Average bulk Ba compositions of each of the lithologic units (Units 1, 2, and 3) at Sites 1039/1253 and 1040/1254 are presented in Table T3. The total sedimentary Ba lost or gained across the trench as well as the percent difference in concentration of each unit is also presented in Table T3. Unit U1 shows an 18% loss in bulk sedimentary Ba from Site 1039 to Site 1040. Unit U2 displays a 10% loss in Ba, whereas Unit U3 exhibits a 10% gain in Ba between the two sites (Table T3). The sampling resolution within Units U2 and U3 is much lower than in Unit U1. Bulk sediment Ba analyses of additional samples within these units are in progress, and results of these measurements will most likely push the percent difference in Units U2 and U3 closer to zero. It is apparent that the percent difference in Unit U1 is almost twice that in Units U2 and U3, indicating that significant Ba distillation due to barite dissolution had occurred and is occurring, effectively changing the bulk Ba composition of Unit U1 as sulfate becomes depleted. As dissolved sulfate becomes further depleted arcward, greater losses of sedimentary barite must exist not only in Unit U1 but in the deeper Units U2 and U3 as well.

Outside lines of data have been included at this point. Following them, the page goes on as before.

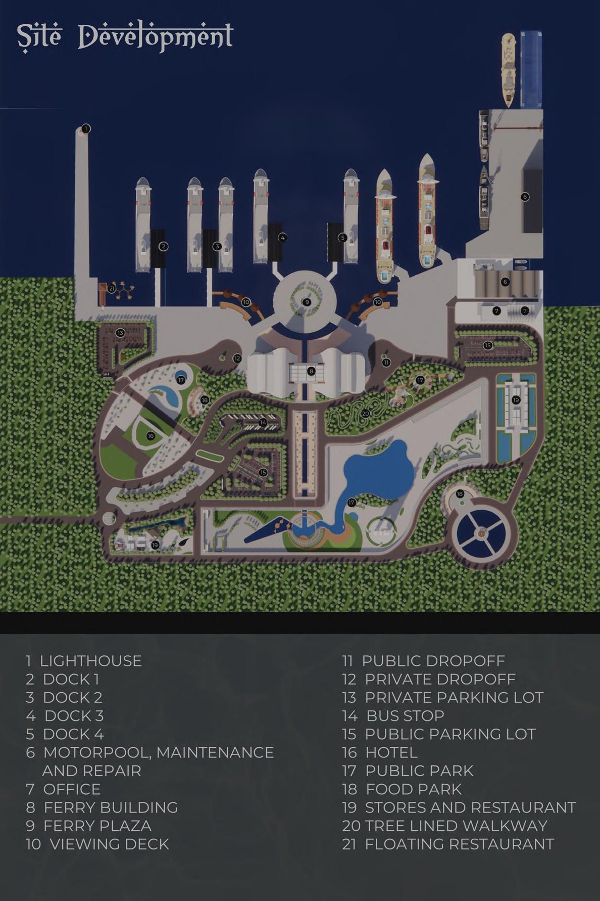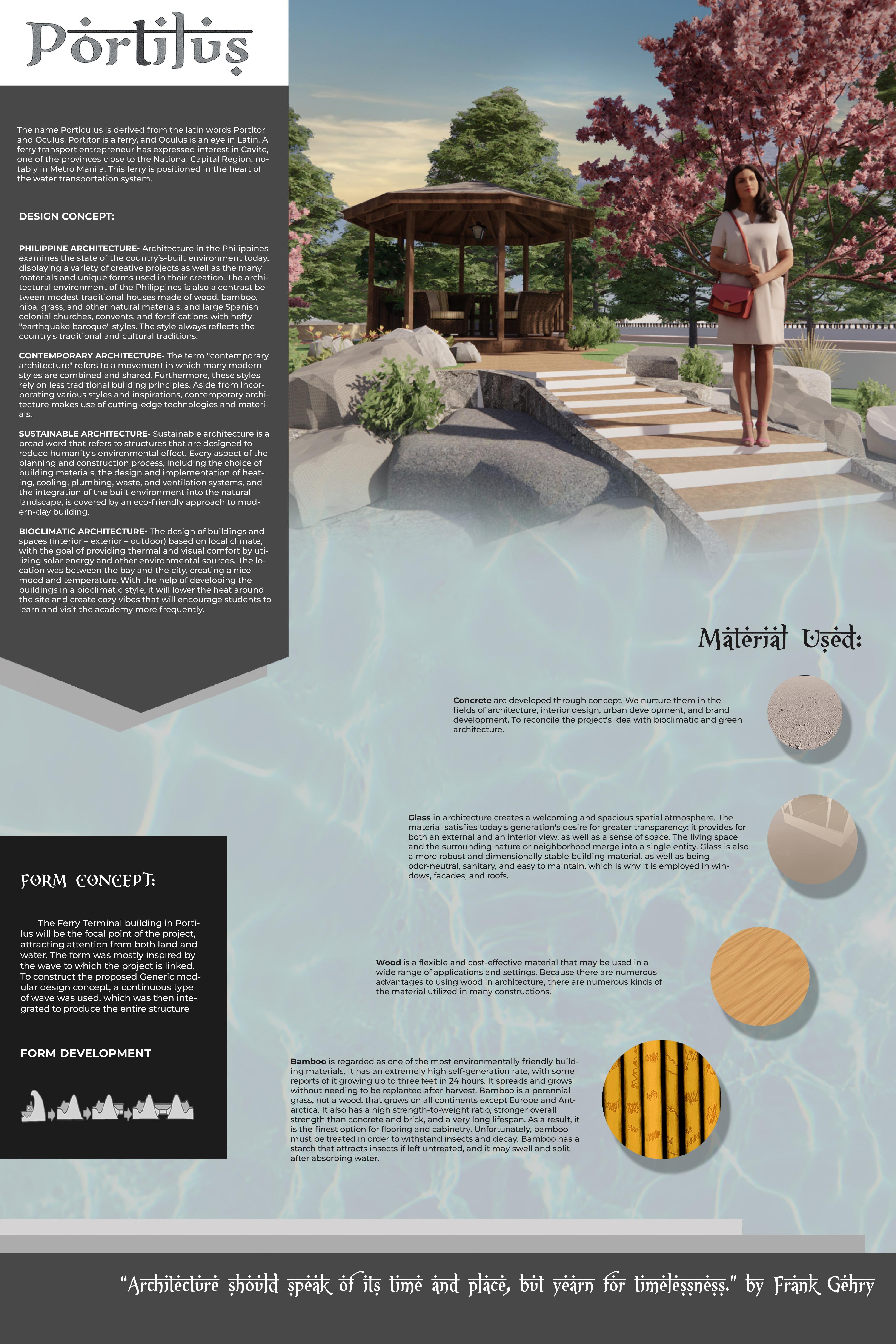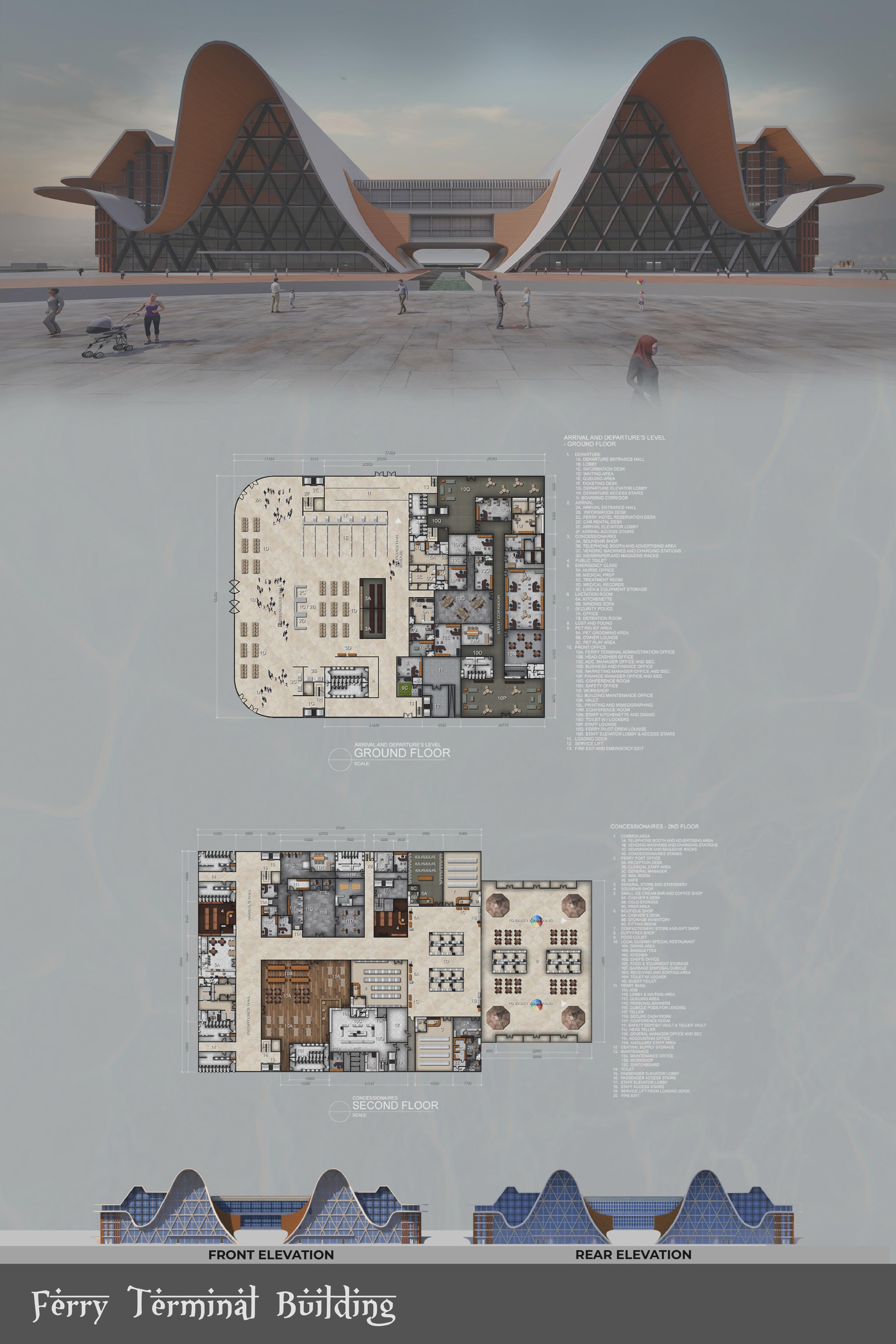 "Portilus: A Proposed Cavite Coastal Ferry Terminal" serves as our final plate requirement for DESIGN V, and it's a collaborative project involving 10 members. This project posed a bit of a challenge for me as it marked my first experience in collaborating on the planning of a significant facility, particularly the ferry terminal. In my previous projects, I had mainly focused on conceptualization and design ideas, but planning a large structure was a new endeavor. For this project, I worked closely with three other team members to handle the planning and design of the ferry terminal. My specific responsibility was to plan the ground floor of the terminal, and I was also entrusted with designing the interiors for that floor and some other levels. Beyond my role in planning and design, I actively contributed to the overall aesthetics, ideas, and concept of the structure. Additionally, I took the a contribution in creating the conceptual sheet and defining the overall project concept.
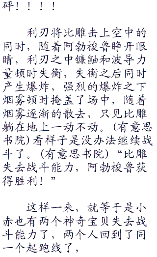 “什么??怎么会?”看到这一幕就算是小赤也忍不住惊讶道。但是很快脑海中就浮现出了一个画面了,虽然先前比雕看起来确实避开了所有的利刃了,但是,其实一开始阳就是在打这个主意的,因为同时操控多道利刃,所以没办法完全掌握。
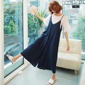 全2色 大きいサイズサロペットパンツ オーバーオール パンツ レディース きれいめ カジュアル おしゃれ ロング丈 かっこいい ワイドパンツ 大人 可愛い Vネック シンプル レイヤード ゆったり ネイビー ベージュ 春 夏 秋 20代 30代 40代 50代
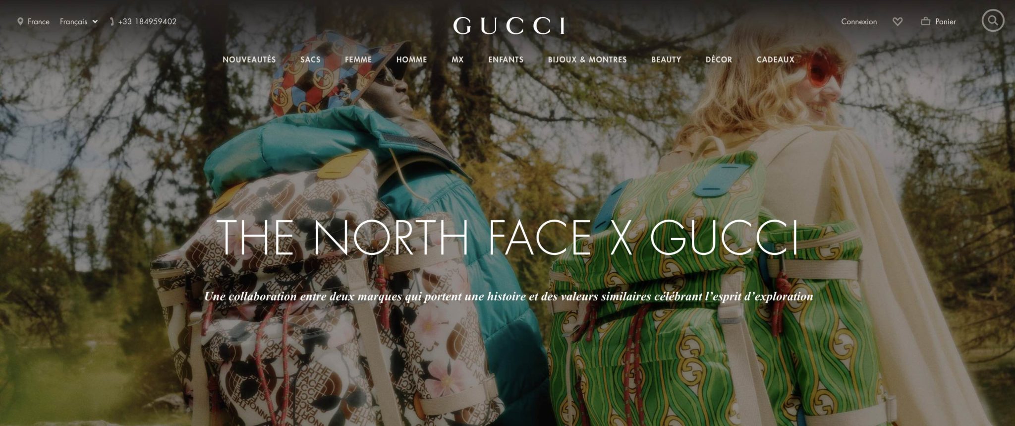 En partageant leurs audiences, les marques s’ouvrent à de nouveaux publics, voire à de nouveaux codes (voir exemple ci-dessous : The North Face x Gucci, quand l’outdoor rencontre le luxe).
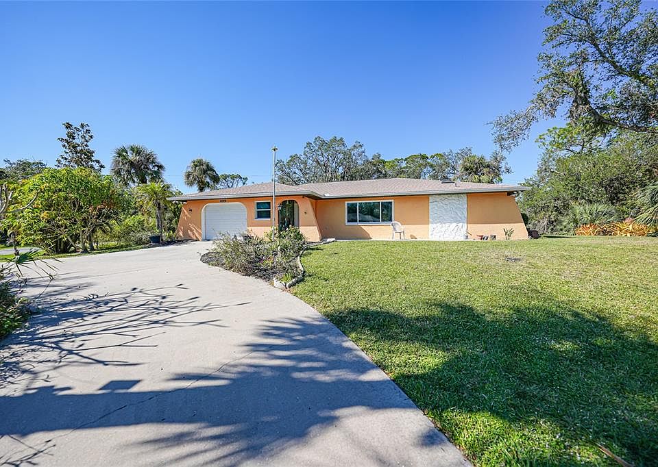 This rare opportunity offers a nicely maintained pool home nestled on a corner lot, set on one acre of beautifully landscaped grounds, creating a peaceful, park-like retreat. Surrounded by stone walkways, charming seating areas, winding pathways, a cozy fire pit, towering oak trees, and vibrant flowers, this outdoor oasis invites you to relax and immerse yourself in the beauty of nature. Inside, the home features 1,651 square feet of living space, including 3 bedrooms, 2 bathrooms, and an attached garage with laundry area. Enter through the spacious living/dining room, where luxury vinyl flooring flows seamlessly throughout the living spaces, complemented by high ceilings that add to the home’s airy feel. Sliders in the dining room open to the expansive lanai and pool area, creating an ideal space for indoor-outdoor living. The kitchen is a chef’s dream, with plentiful cabinetry, a large walk-in pantry, stainless steel appliances, a stylish tiled backsplash, and durable laminate countertops. A generous dinette area, complete with a built-in serving counter and additional storage, offers the perfect spot for enjoying your morning coffee. The master suite is a private retreat, featuring his and hers closets and dual vanities in the master bath for added convenience and comfort. The split-bedroom layout also includes a large second bedroom with a walk-in closet, along with a versatile office or study that could easily serve as a third bedroom. Additional living space is found in the converted one-and-a-half-car garage, offering more flexibility to suit your needs. The spacious lanai, with stamped concrete designed to resemble stone, is ideal for outdoor living, providing spectacular views of the lush landscaping. The salt water, heated pool has a new pool cage in 2022. Home also features new roof in 2022, hurricane windows and screens, A/C is 2009, water heater is 2017 and appliances 2018 (Microwave 2024). Situated in Port Charlotte, Florida, this home provides easy access to a variety of amenities, including shopping centers, dining options, parks, and recreational activities. Enjoy the renowned Florida lifestyle with nearby beaches, boating, and fishing opportunities, ensuring that you are never far from the area's natural beauty.
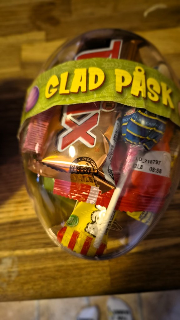 Påsk ja, då ska barnen få varsitt påskägg. Minstingen tycker inte om godis så han fick lite leksaker istället. Gillar att skämma bort de små liven, så är det bara.
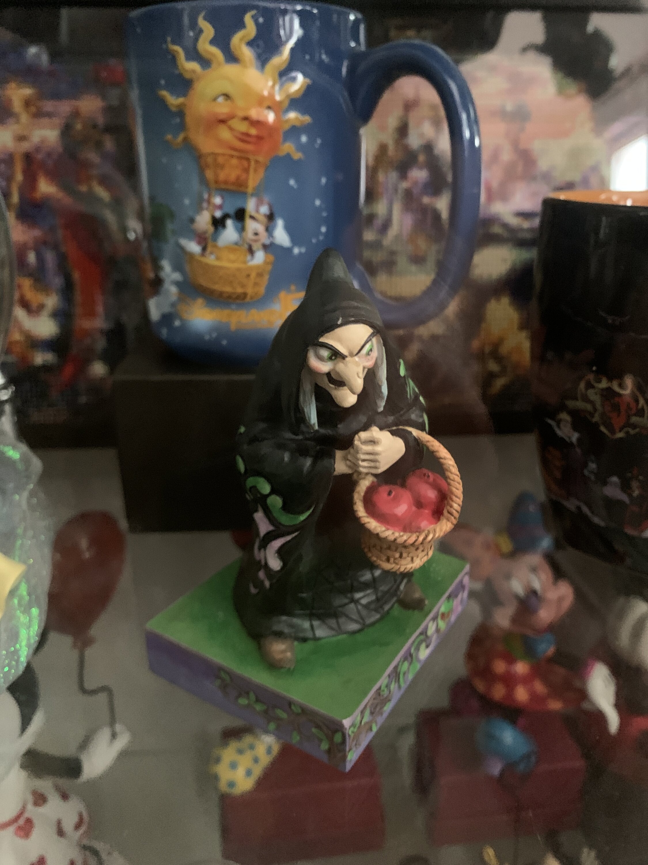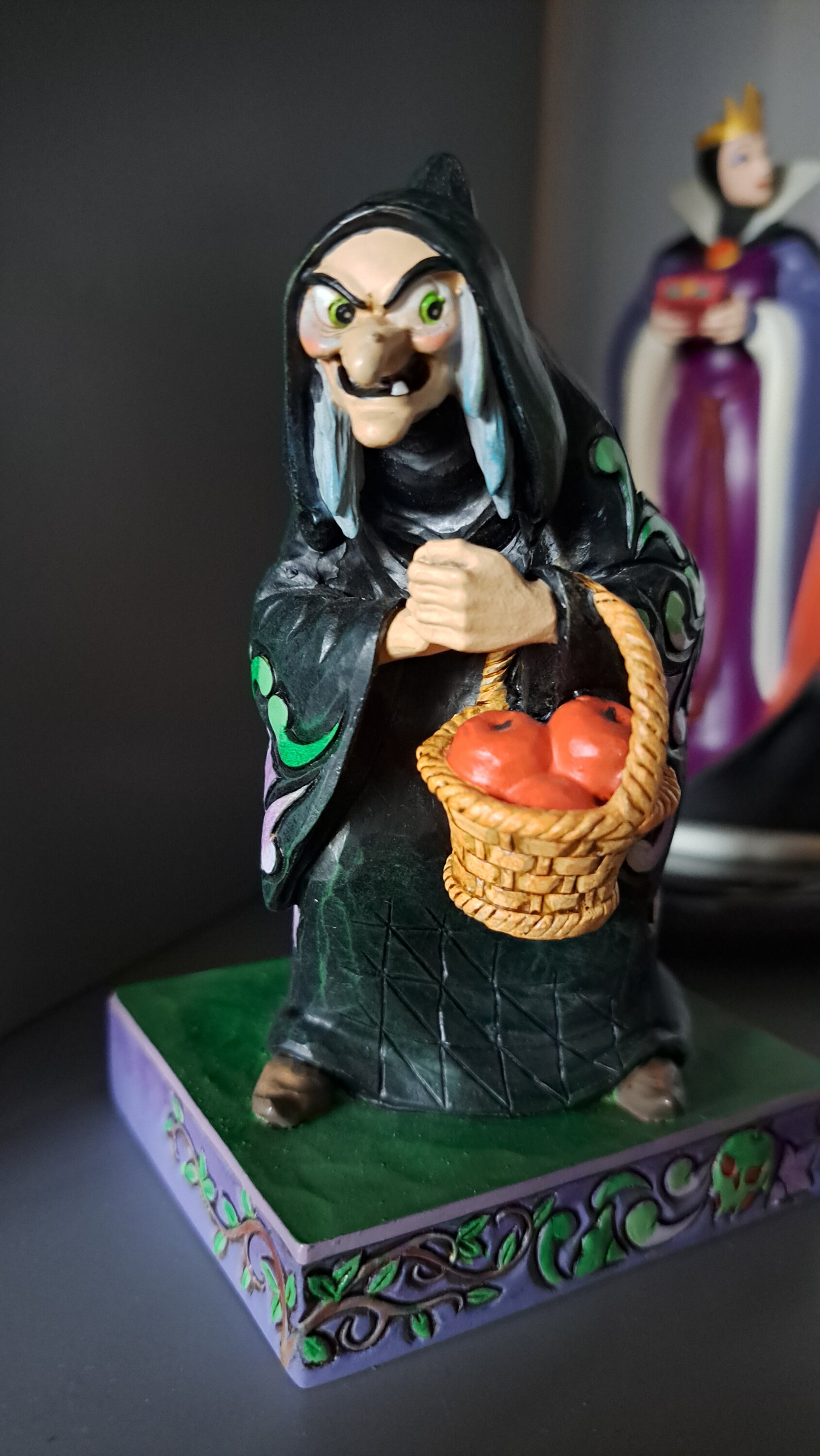 Une des rares représentations de la mechante reine de blanche neige en sorcière.. Avec son panier de pommes, elle est très bien réalisée et son visage est bien détaillé

Figure F5 shows cross plots of Ba at Site 1039 vs. Ba at Site 1040 for samples that correlate well across sites. The diagonal line has a slope of 1; therefore, if there were no changes from Site 1039 to Site 1040, then all samples would plot along the 1:1 line. Eighty percent of the samples from lithologic Unit U1 plot well above the line, signifying that the bulk Ba concentrations at Site 1039 are higher than those at Site 1040, whereas samples from Units U2 and U3 plot close to the 1:1 line and are both above and below the line. The pore fluid Ba concentration-depth profile at Site 1040/1254 (Fig. F3B) shows the highest dissolved Ba concentrations to occur immediately below the décollement, thus, assuming a homogeneous sediment section, one would expect the shallowest samples at Sites 1039/1253 to plot the furthest left of the 1:1 line, which is not observed (Fig. F5A). However, the uppermost hemipelagic sediment section at Sites 1039/1253 is heterogeneous, reflecting varying amounts of detrital material input (Kimura, Silver, Blum, et al., 1997) and differing rates of biogenic barite accumulation with depth, and thus with time. Therefore, Figure F5 does not show a clear trend of the deepest samples in Unit U1 plotting closer to the 1:1 line and the shallowest samples plotting furthest from the line. Results of the sequential barite extraction (in progress) will furnish the absolute barite concentrations of the sediment samples at Sites 1039/1253 and will confirm that each sample in the uppermost hemipelagic sediment section has varying initial barite concentrations and differing amounts of detrital Ba.